The Communists’ influence in Davao, according to Biazon, has been used selectively to turn mass demonstrations toward destructive action, inviting further polarization in the city. The danger for the party is that innocents will be killed, and some have been--tarring the credibility and Robin Hood image of the insurgency.

Sees Rebels Waning

If the battle for Davao is measured by control of the barangays (a political subdivision), Biazon thinks the government is winning. When he came to Davao a year ago, he said, 30% of the barangays were heavily influenced by the rebels. Now, he says, the figure is 18%. Leftists say it is far more than half and assert that the barangays where the military claims control are merely “occupied.”

Like the military commanders in Manila, Biazon and his regional commander, Brig. Gen. Jaime Echeverria, insist that the guerrillas in the hills can be handled.

Biazon commands 1,500 marines. Facing them in the rural areas of Davao, he said, is a New People’s Army company of 124 guerrillas, not all armed and all short of ammunition.

The rebel’s agaw campaign--literally “get the guns”--with rare exceptions nets only a few weapons at a time, taken from slain soldiers or assassinated policemen.

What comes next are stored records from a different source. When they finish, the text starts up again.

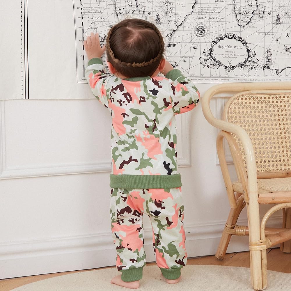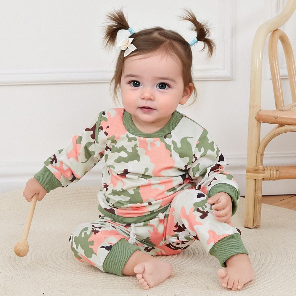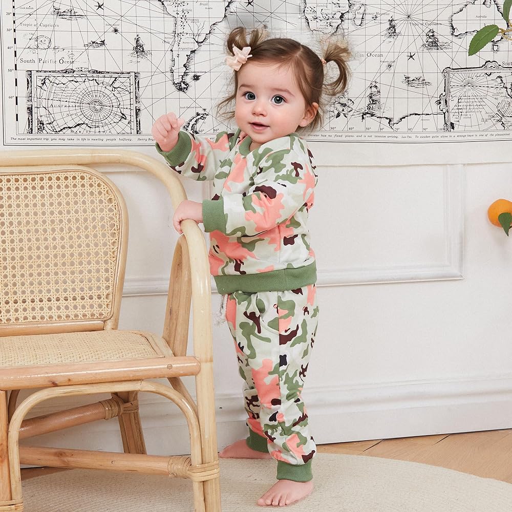 ملابس Kupretty Baby Girl لخريف وشتاء ملابس الأطفال الصغار مع حروف جرافيك وسويت شيرت مموه للركض (أخضر وردي، 3-6 أشهر)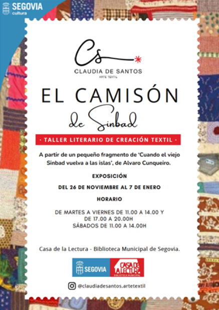 Esta exposición es el resultado del taller de arte y reciclaje textil ‘El camisón de Sinbad’ impartido por Claudia de Santos, y basado en un pequeño fragmento de ‘Cuando el viejo Sinbad vuelva a las islas’, de Alvaro Cunqueiro.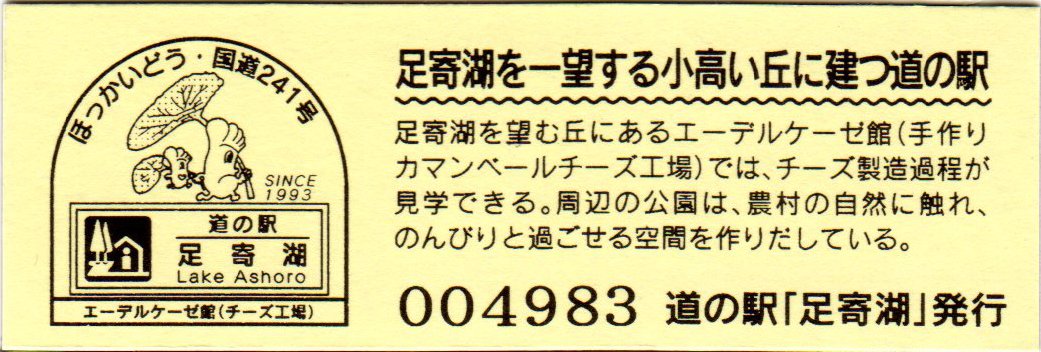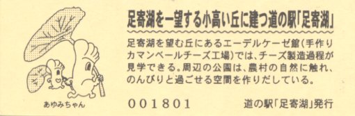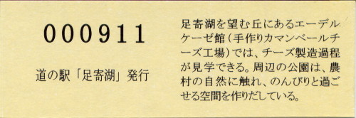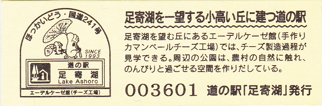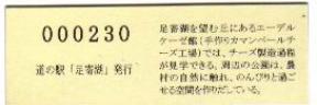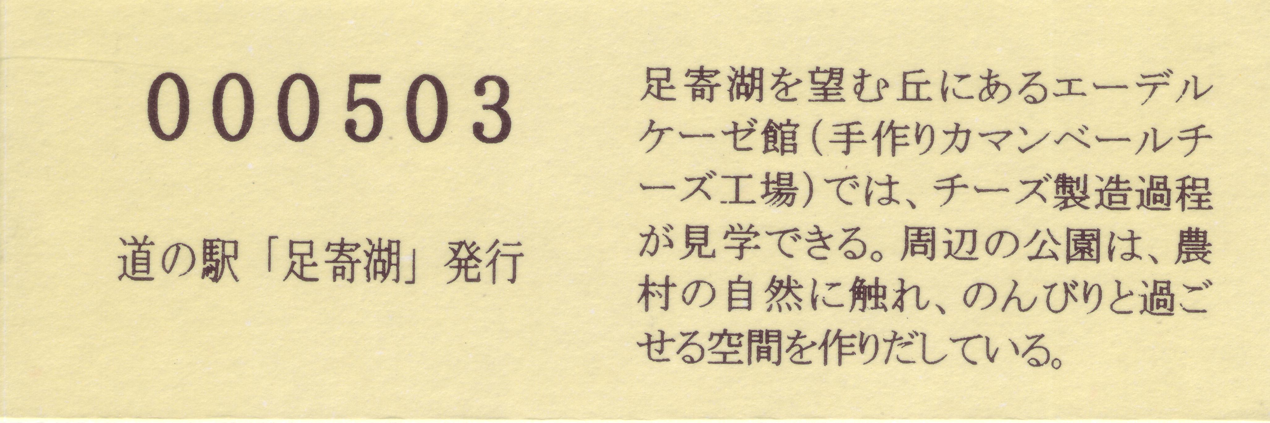 0001-0300:記念入場券(通常券) 0301-0900:記念きっぷ(入) 0901-1200:記念きっぷ(記)<文章のみ・住所左> 1201-1800:記念きっぷ(記)<文章のみ・住所中央> 1801-3000:デザインきっぷ(あゆみちゃん・左) 3001-3600:デザインきっぷ(あゆみちゃん・右) 3601-4900:デザインきっぷ(道の駅スタンプ) 4901-5400:180円きっぷ(道の駅スタンプ・左) 5401-5900?:180円きっぷ(道の駅スタンプ・右)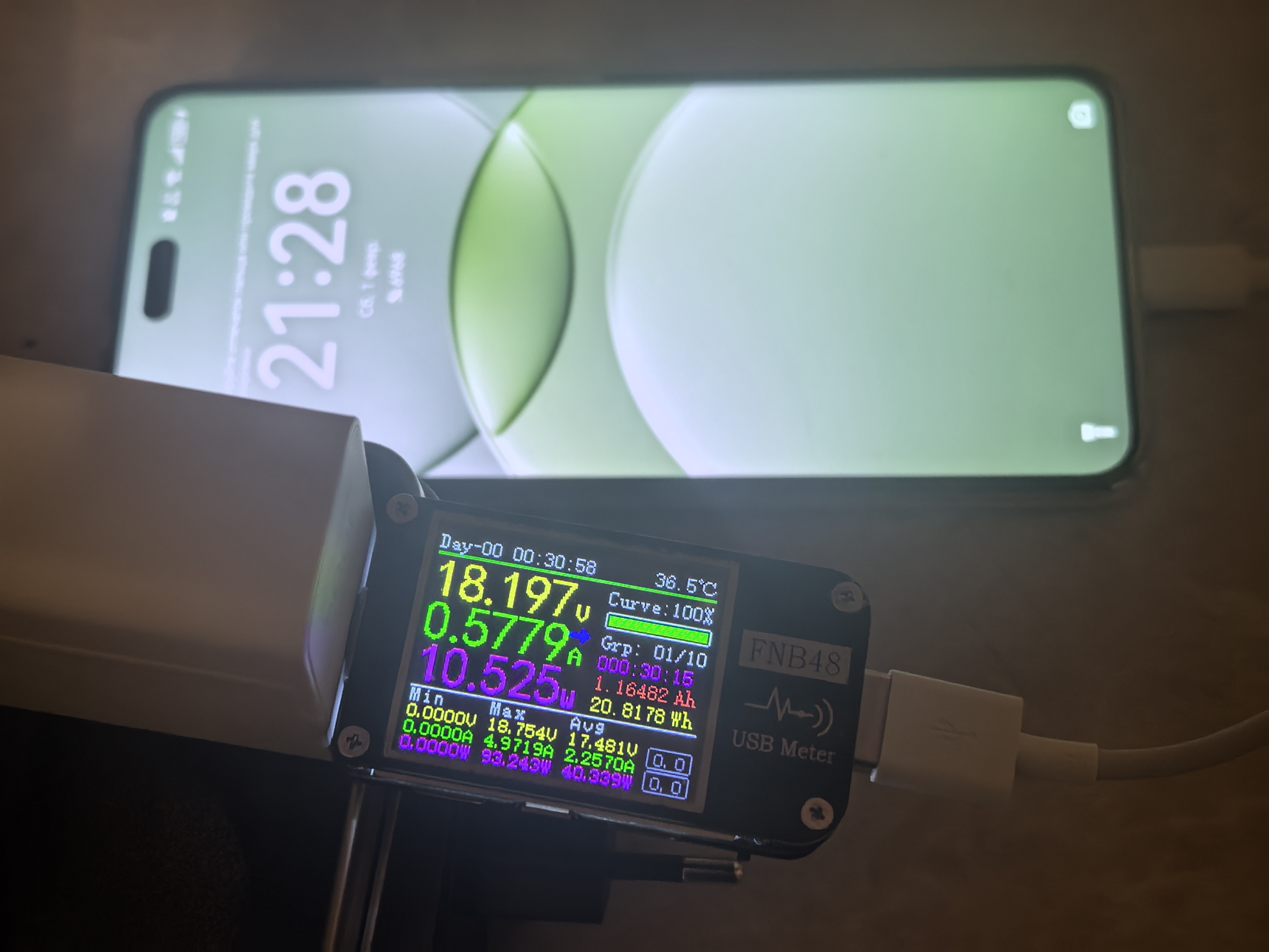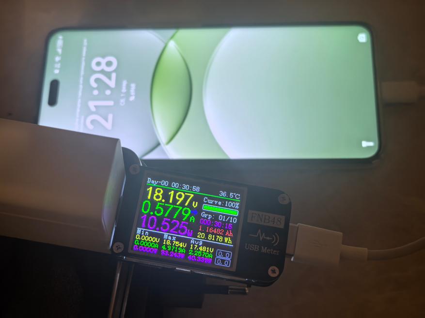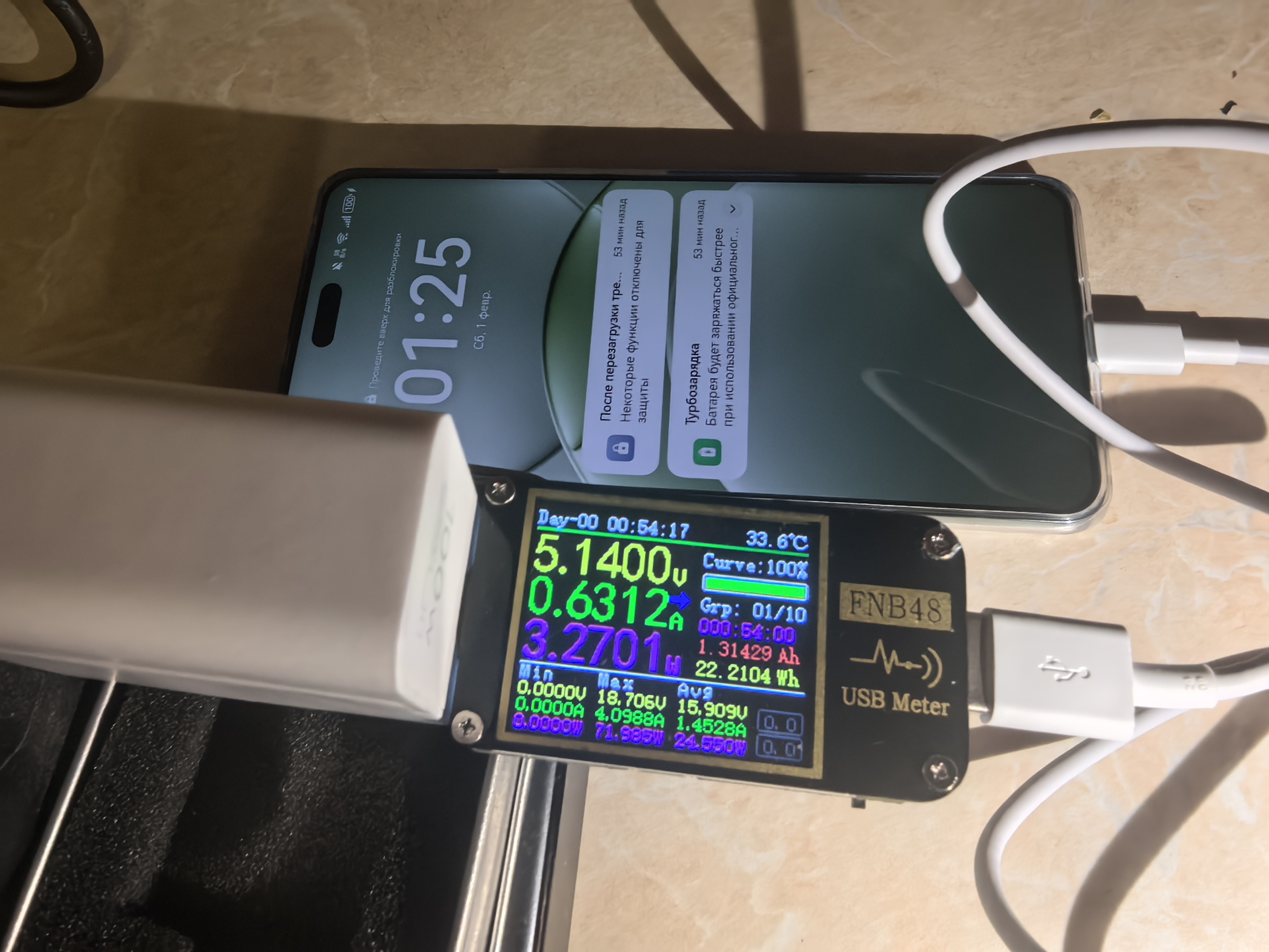 Заряжается смартфон быстро при помощи комплектного 6А кабеля и 100W ЗУ. Есть два режима заряда: обычный и «Турбозарядка». В первом за 20 минут аккумулятор восполняется до 50%, как и Poco X7 Pro с комплектным ЗУ на 90W. Только емкость аккумулятора у второго больше, чем у обозреваемого. Процесс проходит на проприетарном протоколе Huawei Super Charge. Полный заряд в обычном режиме занял 54 мин и составил 1314mAh (22,2Wh). По тестеру я получил максимально мощность заряда в 72W. В случае Poco X7 Pro значение было 43W, но в обоих телефонах тестер тормозил заряд (не давал достигнуть максимальной мощности).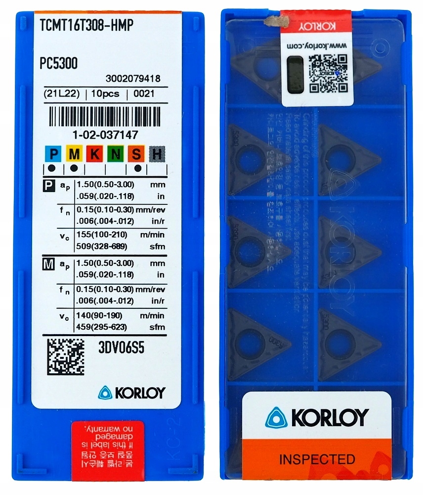 TCMT Carbide Tiles 16T308 HMP PC5300 Korloy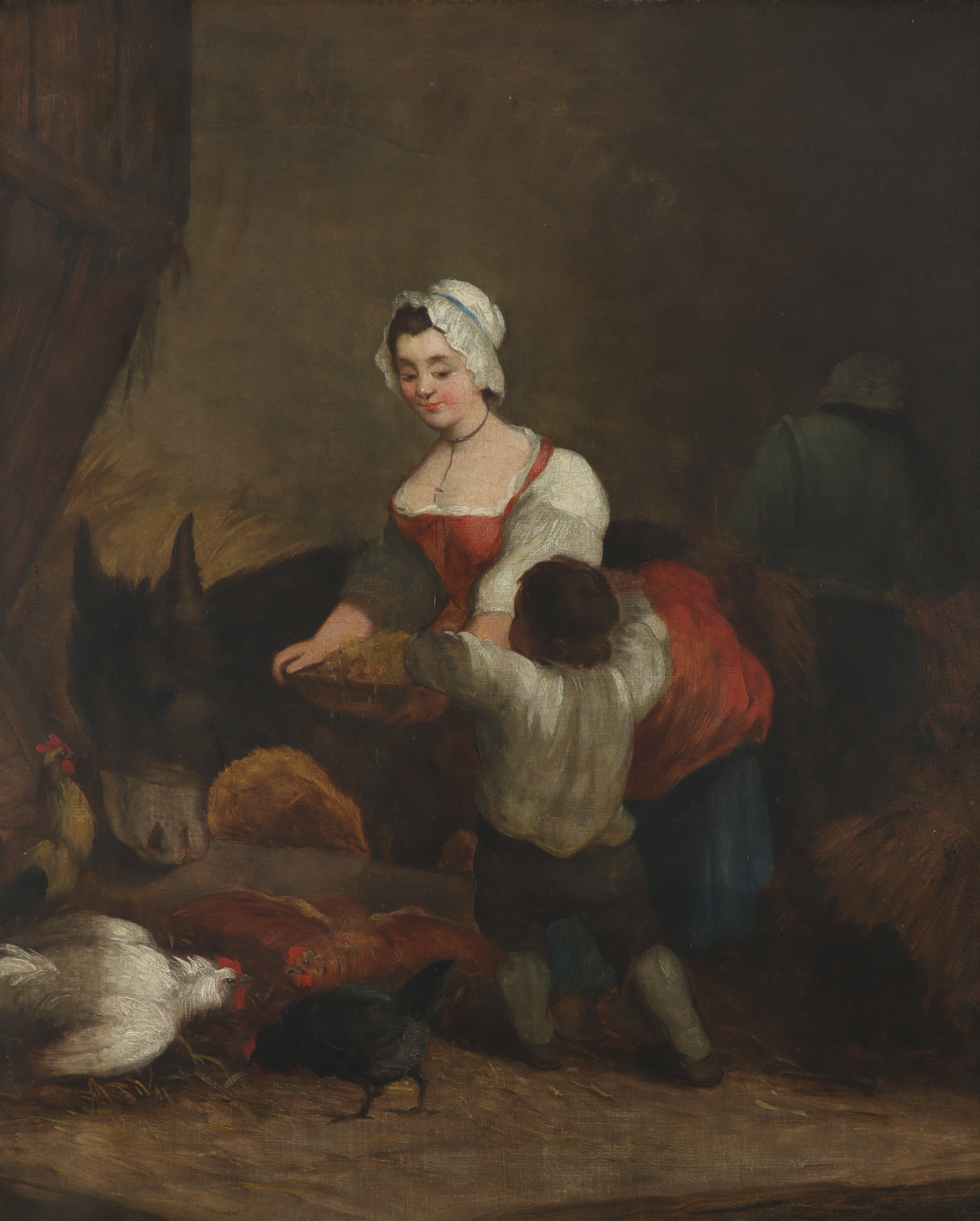 English School 19th Century A mother and child feeding chickens and a donkey in a stable Oil on...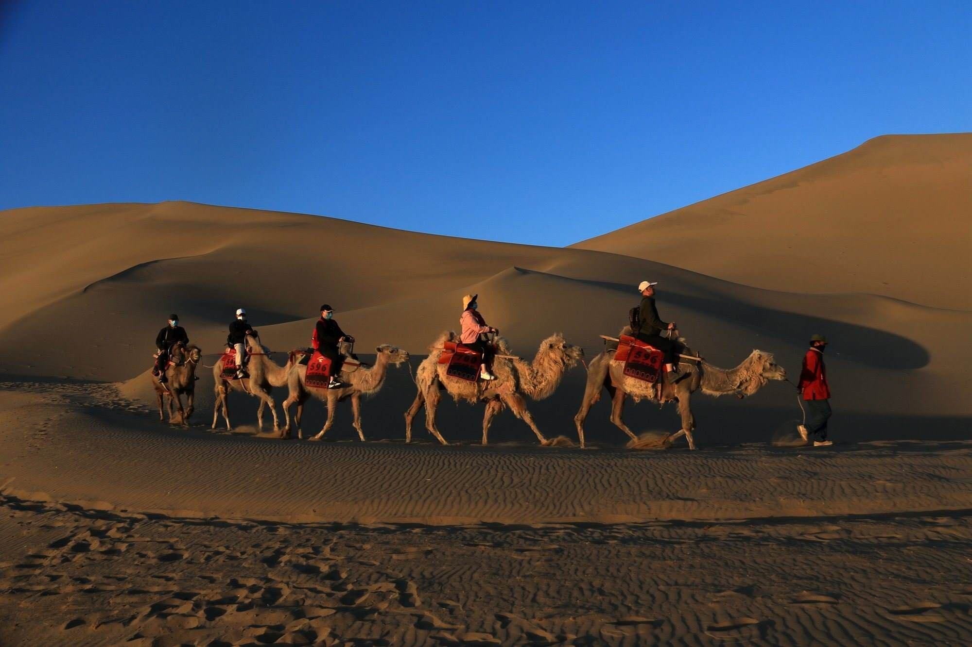 甘肅敦煌:游客騎駱駝?dòng)斡[鳴沙山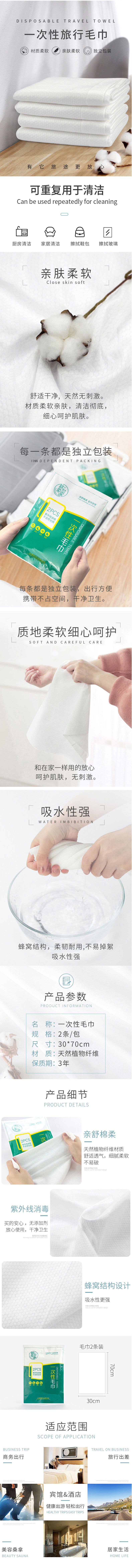 棉柔世家(FulCotton)一次性旅行装毛巾 便携棉柔加厚洗澡毛巾酒店用品一次性毛巾2条/包*4包 雾雨绿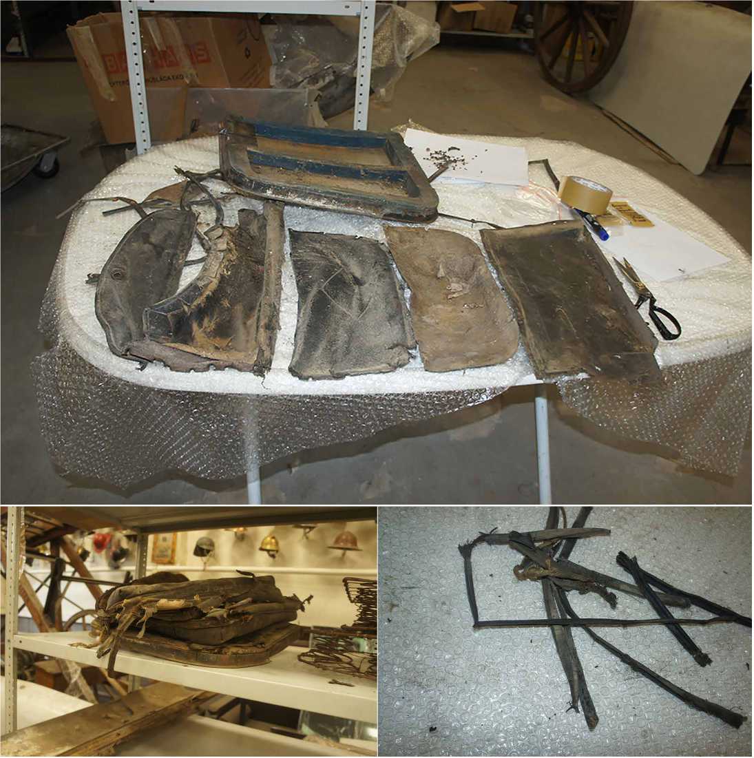 Покрытия с дверей салона полностью демонтированы. Кожаная обивка каждой из 3-х дверей состояла из 5 частей ( ил. 10 ). По состоянию сохранности она максимально приближена к археологической. Многие участки этих деталей сильно деформированы, а в некоторых местах деструктированы. Кожа полностью потеряла влагу и, соответственно, эластичность ( ил. 11 ). Обивка дверей очищена от пылевых и других загрязнений с помощью водно-спиртового раствора и далее, как в случае реставрации сидений, пропитана 1% раствором полиэтиленгликоля с молекулярным весом 1500 и жировой эмульсией (с последующим помещением ее в неглубокий вакуум).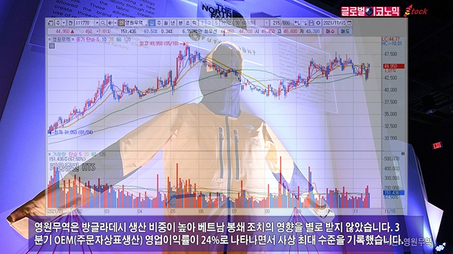 영원무역은 컨센서스 부합에 주가가 오름세를 보였습니다. 15일 종가는 450원 오른 4만4950원에 거래를 마쳤습니다. 주가는 1월 4일의 3만1100원에 비해 45% 상승한 수준입니다.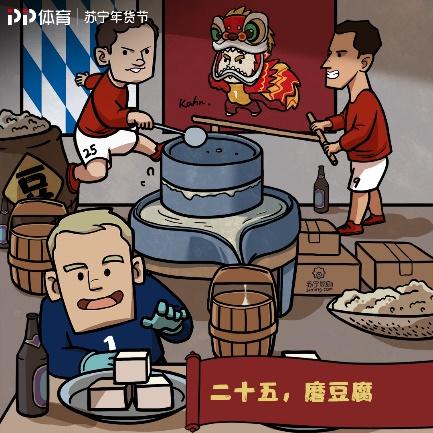 腊月二十五的时候,家家户户都会赶紧磨出好几盘豆腐。拜仁的三位球星也正忙得不可开交,莱万多夫斯基与穆勒在磨盘上辛辛苦苦地工。看来"来碗豆腐斯基"真的对豆腐情有独钟呀!而门将诺伊尔,却早就对磨好了的豆腐垂涎三尺。
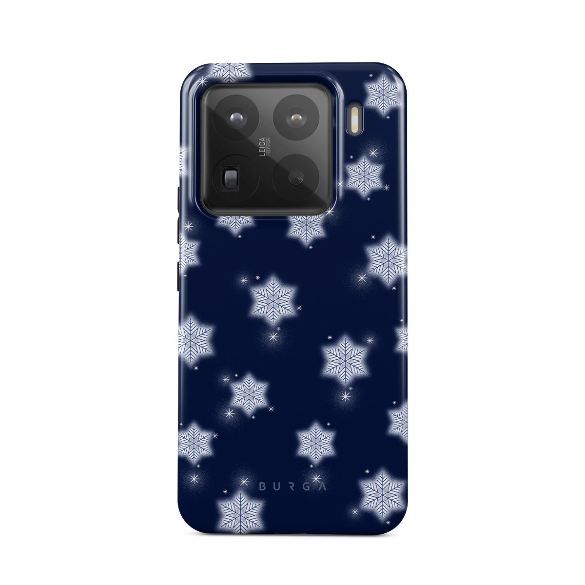 このデザインの特徴:白い雪の結晶、ネイビーブルーの背景、冬の雪の結晶模様、幾何学的な雪の結晶、クラシックな冬のデザイン

There is no evidence of foreign arms supply.

Advertisement

Echeverria said that the rebels in the countryside “want to surrender by the hundreds,” and he added that those who “return to the fold of the law” say they were coerced into joining the New People’s Army.

Vengeance, Adventure

But other military officers say rural youths join the rebels voluntarily, some seeking vengeance for some injustice, others for adventure. Journalists who have traveled with them say that many are hard, committed men.

Rebel leadership at the top level remains high quality, according to military and foreign observers, despite the arrests of many party and New People’s Army officers over the years. The top level leaders are still of middle-class origin, these observers say, and many of them reportedly are graduates of the prestigious University of the Philippines.

Jose Maria Sison, the man who founded the party in 1968 as a breakaway from the old Moscow-lining Communist Party here, is a University of the Philippines man. Arrested in 1977, Sison is held at a military camp in Manila.

Rodolfo Salas, a onetime university student radical, is believed to be the current party leader and Antonio Zumel, a former Manila newspaperman, is reportedly the head of the National Democratic Front.

Despite the claims of the military men, it is clear to most observers that government forces cannot stop the insurgency by arms alone. The government has launched a variety of civic action programs to satisfy the grievances of the people: building roads and schools, improving water supplies and the like.

Advertisement

Money is flowing from Manila, and many politicians, across the board, say good work is being done. But many wonder whether it will be sustained.

The reason for the insurgency “is discontent in the hearts of the people,” said Luis Santos, a former mayor of Davao, adding that it cannot be solved militarily. “When your son is sick you don’t get a policeman to beat him up.”